- **PROBLEM REQUIREMENTS**
Any picture must be dropped, but each line of the data should be duplicated exactly.

- **INPUT DATA**
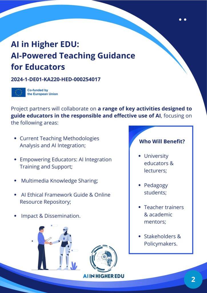 The project aims to empower educators and pedagogy students by integrating AI tools, methodologies, and ethical practices into modern teaching. Through collaborative innovation, professional development, and cross-sector partnerships, the project will deliver concrete outputs to support AI adoption in diverse higher education contexts.
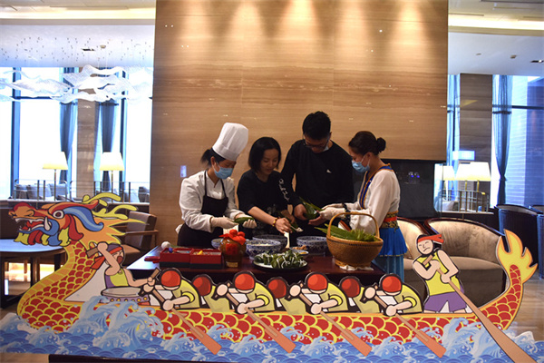 西海飯店邀請遊客包粽子 錢皓辰 攝
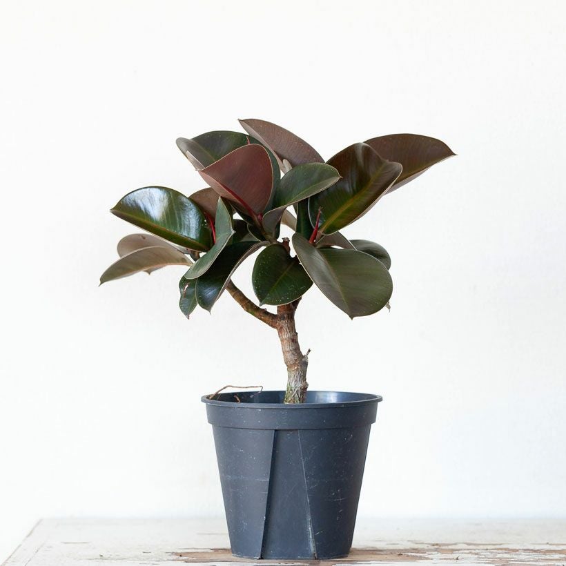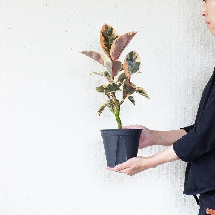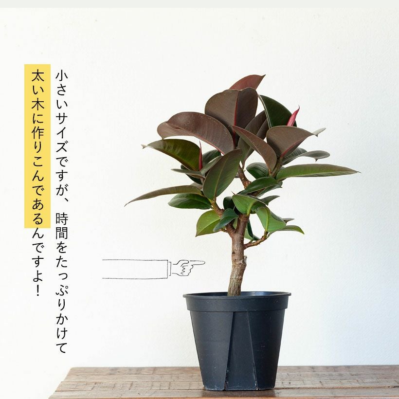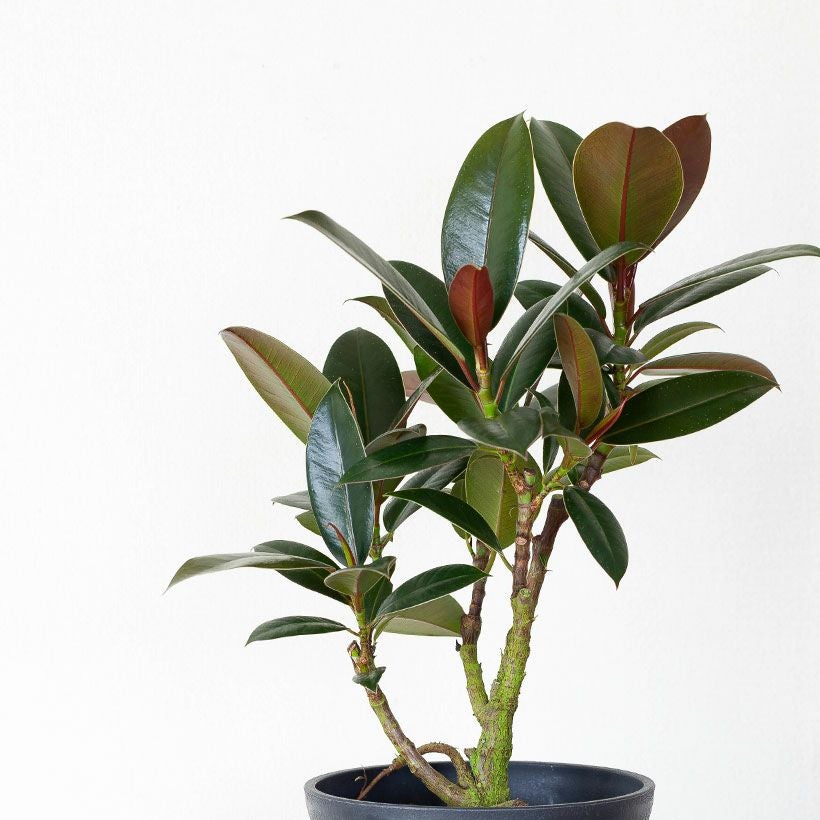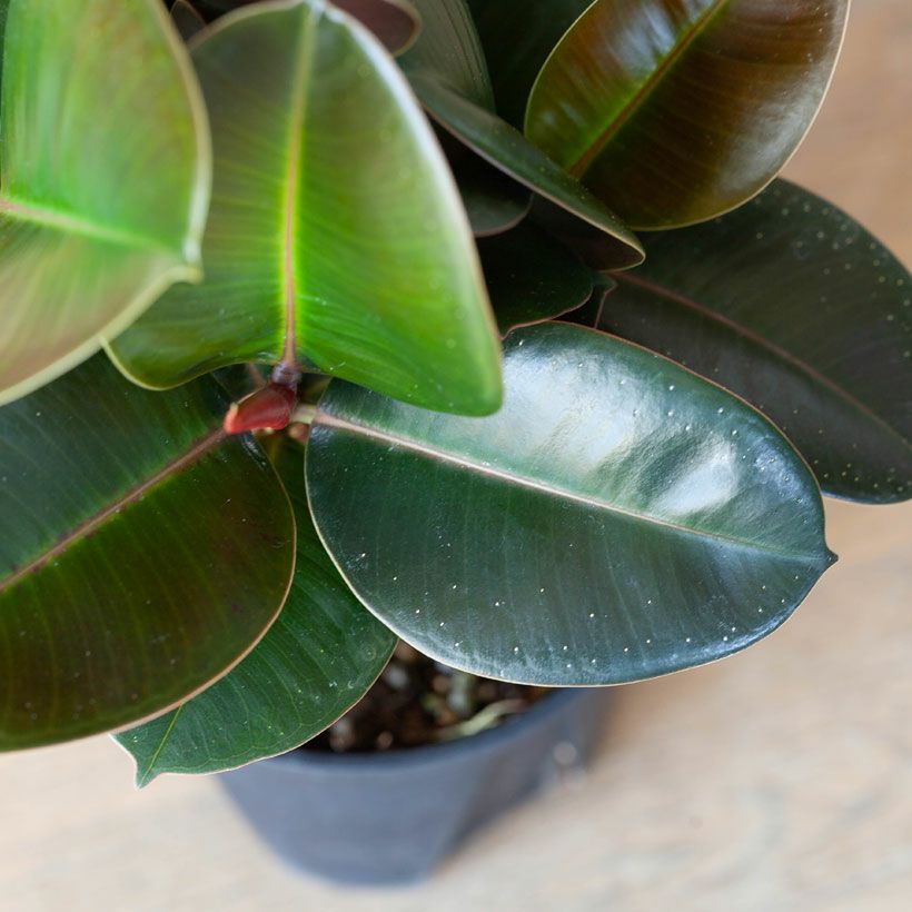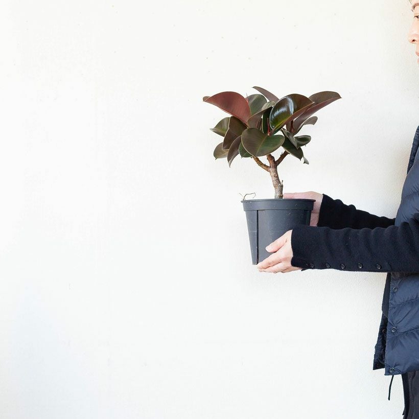 別名「クロゴム」と呼ばれる品種。葉の黒色と、新芽の赤色のコントラストが魅力の植物です。ゴムの木の仲間なので、管理もしやすく、初心者さんにもオススメですよ。
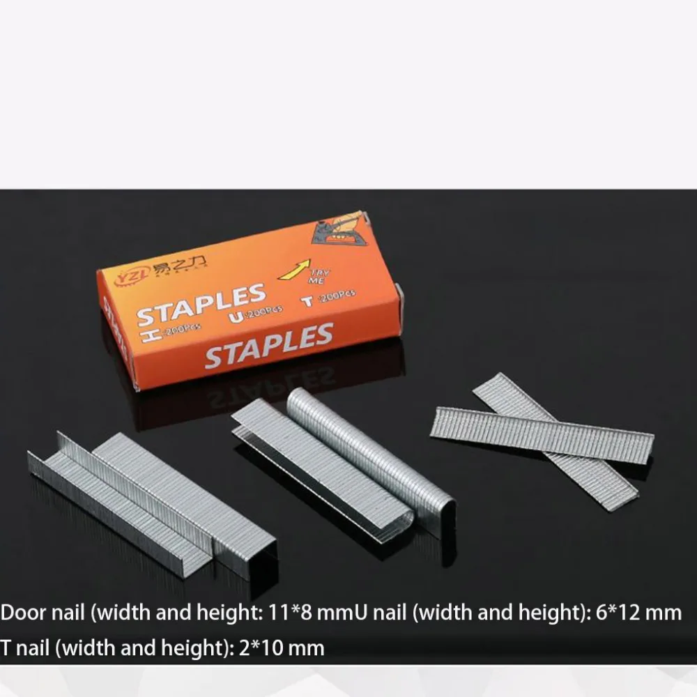 Описание Дизайн с дверными, u-образными, Т-образными скобами для удовлетворения ваших различных потребностей в различных случаях. Изготовленные из высококачественной стали, скобы обладают долговечностью. Поставляется с 1000 шт., что является практичным и экономичным для вас. Широко используется, может быть применен для фиксации проволоки, армирования мебели, деревообработки, изготовления картонных коробок и т. д. Может также использоваться для переплетения, изготовления досок, каллиграфии и живописи, армирования деревянных коробок и так далее.

- **SOLUTION BELOW**
 The project aims to empower educators and pedagogy students by integrating AI tools, methodologies, and ethical practices into modern teaching. Through collaborative innovation, professional development, and cross-sector partnerships, the project will deliver concrete outputs to support AI adoption in diverse higher education contexts.
 西海飯店邀請遊客包粽子 錢皓辰 攝
 別名「クロゴム」と呼ばれる品種。葉の黒色と、新芽の赤色のコントラストが魅力の植物です。ゴムの木の仲間なので、管理もしやすく、初心者さんにもオススメですよ。
 Описание Дизайн с дверными, u-образными, Т-образными скобами для удовлетворения ваших различных потребностей в различных случаях. Изготовленные из высококачественной стали, скобы обладают долговечностью. Поставляется с 1000 шт., что является практичным и экономичным для вас. Широко используется, может быть применен для фиксации проволоки, армирования мебели, деревообработки, изготовления картонных коробок и т. д. Может также использоваться для переплетения, изготовления досок, каллиграфии и живописи, армирования деревянных коробок и так далее.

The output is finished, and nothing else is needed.